Fue más dramática la suerte de la Iglesia en Guatemala. Desde 1871 fue tratada como una
secta fuera de la ley, privada de todos los medios, con una debilísima estructura eclesiástica
(una sola diócesis para todo el país), con sus arzobispos sometidos a continuos destierros, y sin
que su arbitrario destierro provocara la reacción como la que se produjo en México. Tal
situación se prolongó durante 85 años. Es un enigma cómo el catolicismo haya podido
sobrevivir.
El caso ecuatoriano puede ser comparable al de Guatemala, Desde 1895 hasta los años 40 de
nuestro siglo, se suceden modificaciones constitucionales siempre más irreligiosas.

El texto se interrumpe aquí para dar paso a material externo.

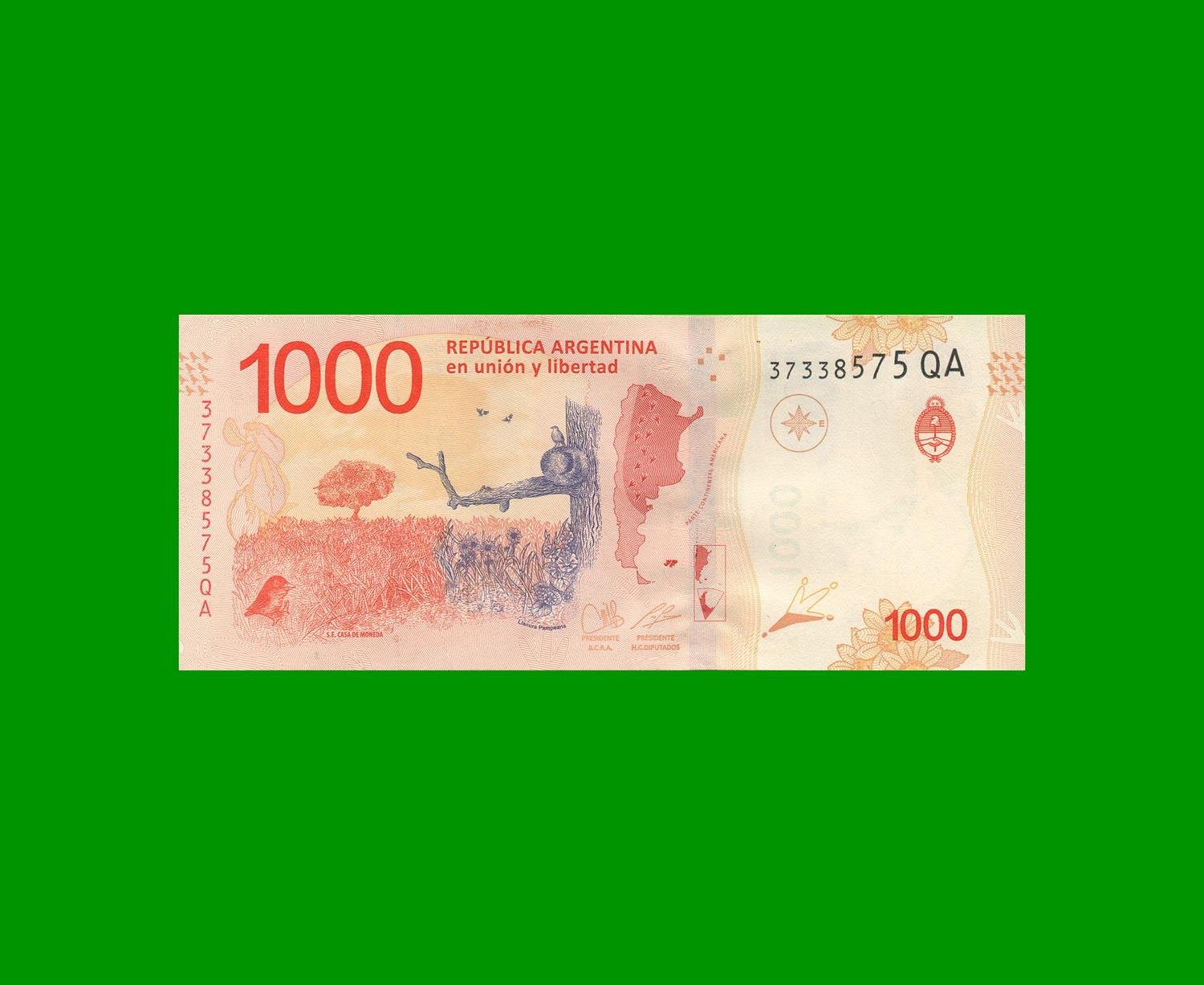 BILLETE PESOS ANIMALES AUTOCTONOS $ 1.000,00, COL 836at, ESTADO SIN CIRCULAR.-
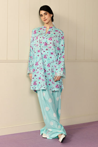A loose-fit cambric kurta with a softly rounded hem and delicate sleeve embroidery, paired with a playful polka-dot farshi shalwar. Light, breathable, and effortlessly charming; style with minimal jewelry and flats for daytime ease or elevate with statement earrings for relaxed evenings.
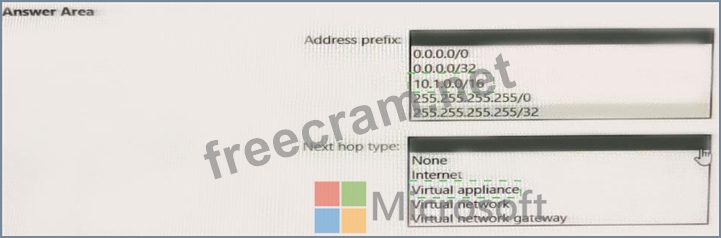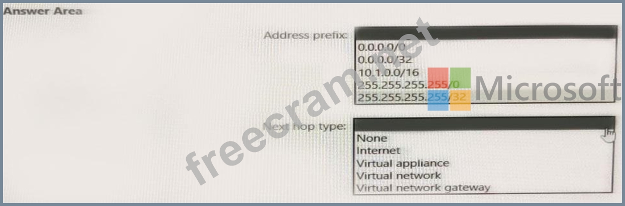 You are implementing the virtual network requirements for VM Analyze. What should you include in a custom route that is linked to Subnet2? To answer, select the appropriate options in the answer area. NOTE: Each correct selection is worth one point.
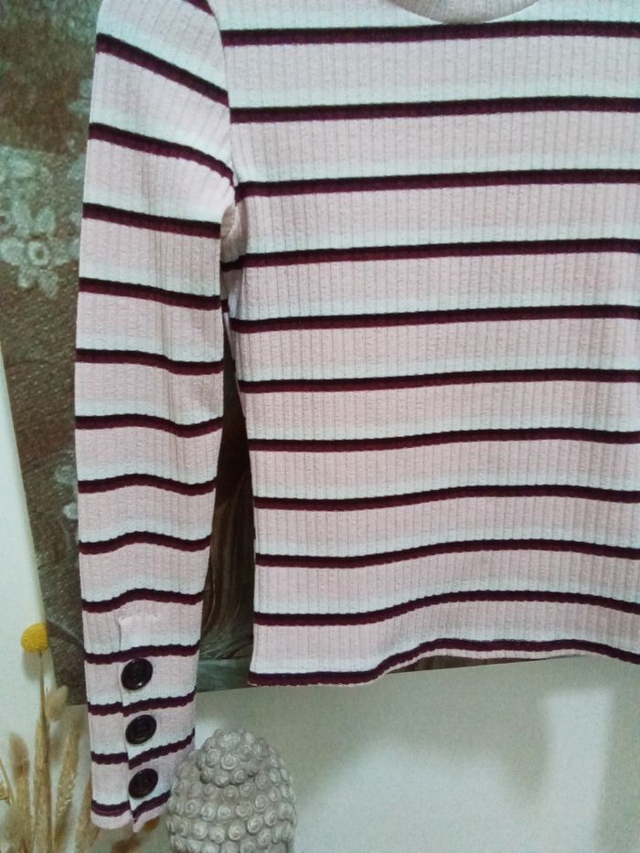 Pull rose léger avec rayures Bershka taille S - photo numéro 4
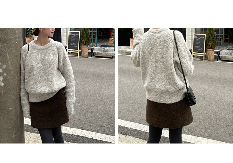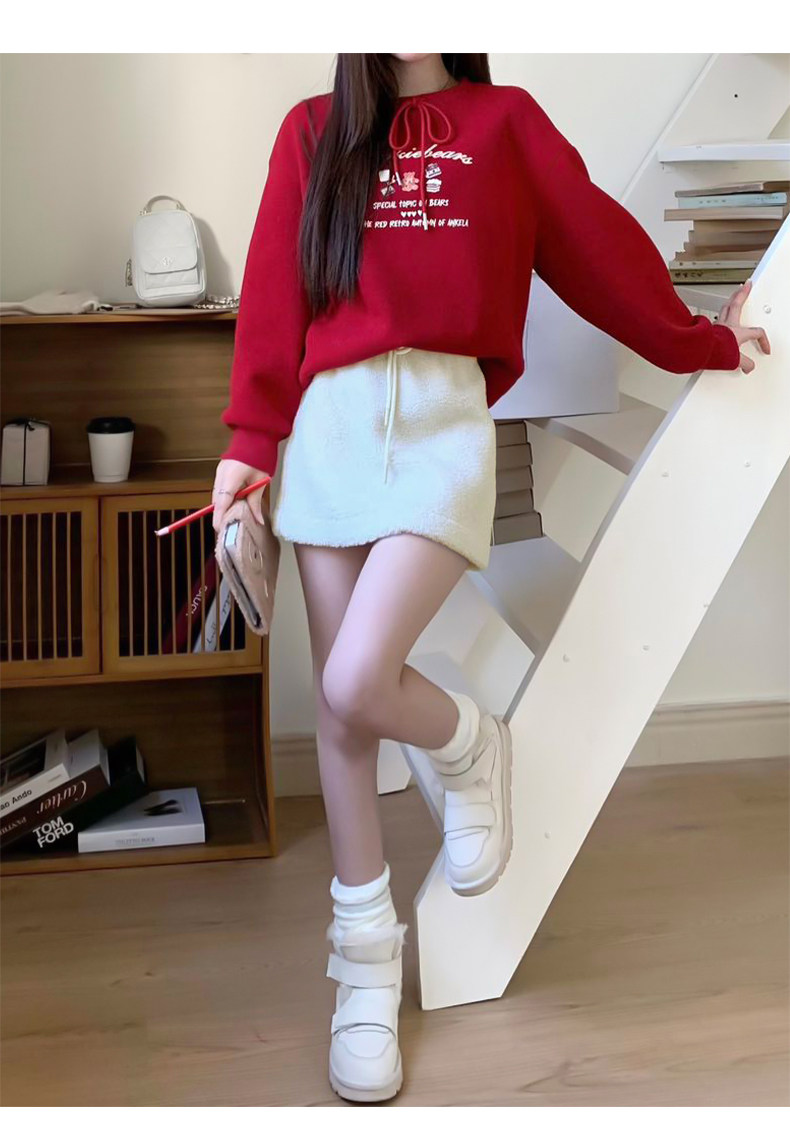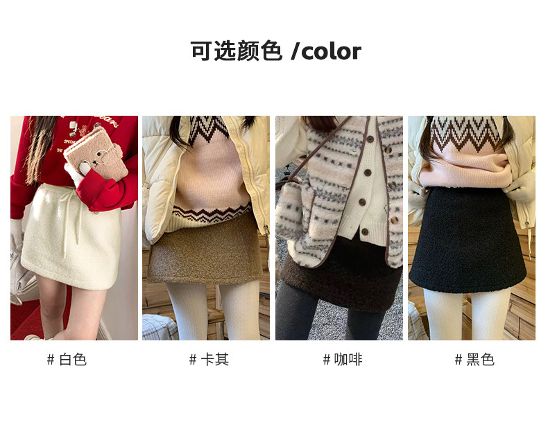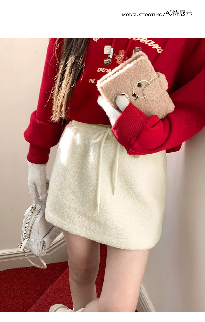 Off-White Lamb Wool Skirt for Women, Autumn and Winter 2025 New Style, High-Waisted, Petite, Elegant A-Line Bodycon Mini Skirt

Durante
medio siglo, con absoluto dominio del poder, el liberalismo llegó a imponerse en todos los
aspectos de la vida nacional. Es cierto que en 1937, hastiado el pueblo católico por tantos
atropellos cometidos, se llegó a un modus vivendi con la Santa Sede, pero las consecuencias
de tantos decenios de laicismo eran “el marginamiento de Dios del pensamiento de la vida”,
según lo manifestaron los obispos ecuatorianos.

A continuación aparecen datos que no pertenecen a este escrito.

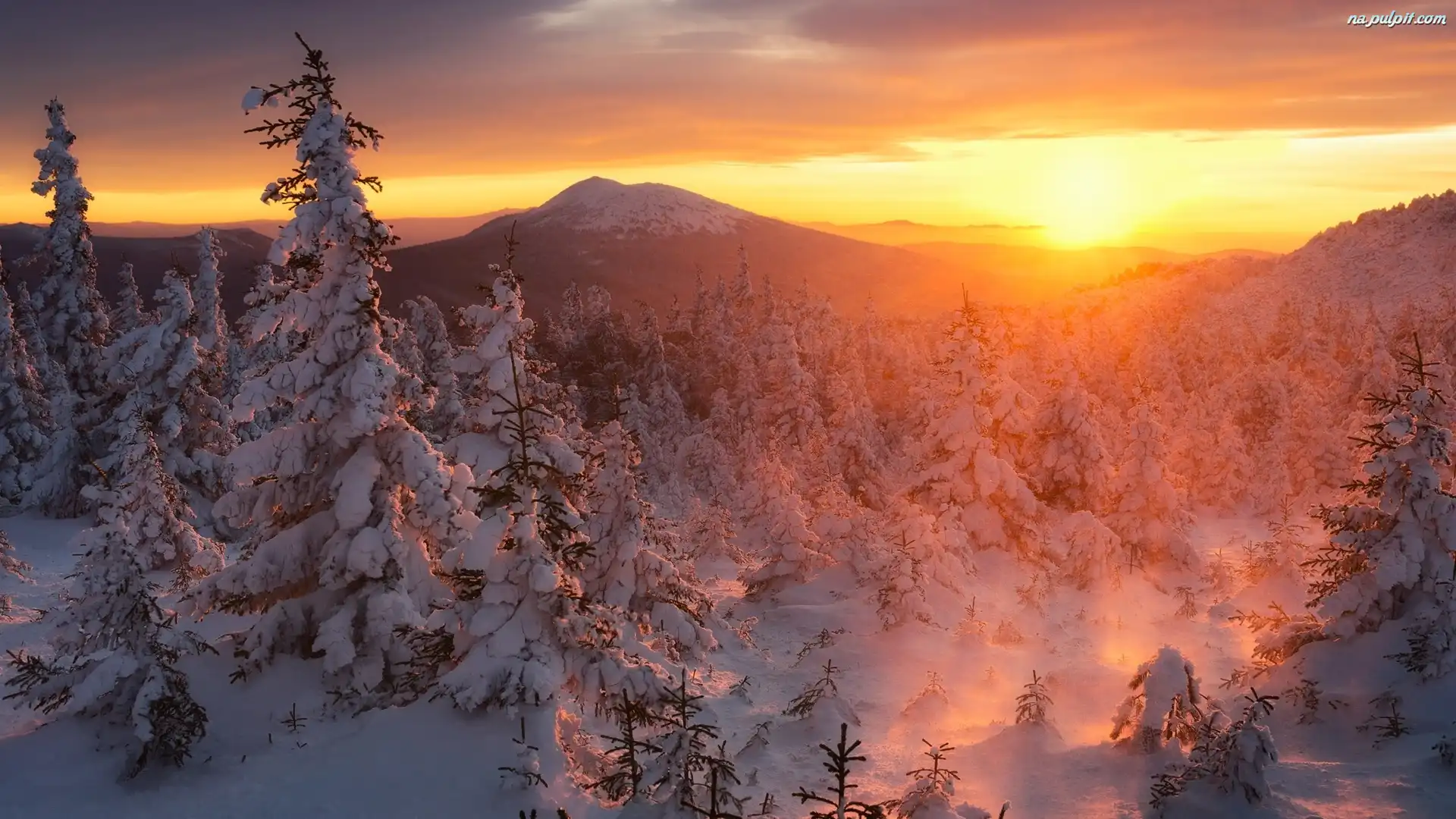 Góra, Świerki, Ośnieżone, Zima, Zachód słońca Na Pulpit

La hostilidad anticatólica se implanta en países que, como México, Guatemala y Ecuador,
tienen fuerte ancestro indoibérico. Sorprende que un país atlántico, blanco, abierto al influjo de
Inglaterra, donde la Iglesia tenía una prehistoria que no era para alarmar ni desafiar a nadie,
llegara a ser considerado como el país más secularizado de Iberoamérica: es el Uruguay. Ha
surgido allí una sociedad de cultura extremadamente diferente y laicizada, con una legislación
escolar y familiar ajenas a toda referencia religiosa. El responsable de esta tarea fue José
Batlle y Ordoñez, gran estadista, sensible y moderno, y al mismo tiempo “el mayor anticatólico
que ha conocido la historia de Uruguay” (A. Methol). Su influjo se extiende a lo largo de los 30
primeros años del siglo XX.

Como ya se dijo, el catolicismo brasileño fue libre sólo cuando, derrocado el imperio, la
nueva república declaró la separación de la Iglesia y del Estado. Quizá la primera impresión
que tuvo la Iglesia, al perder de golpe todas sus ventajas, fue de derrota.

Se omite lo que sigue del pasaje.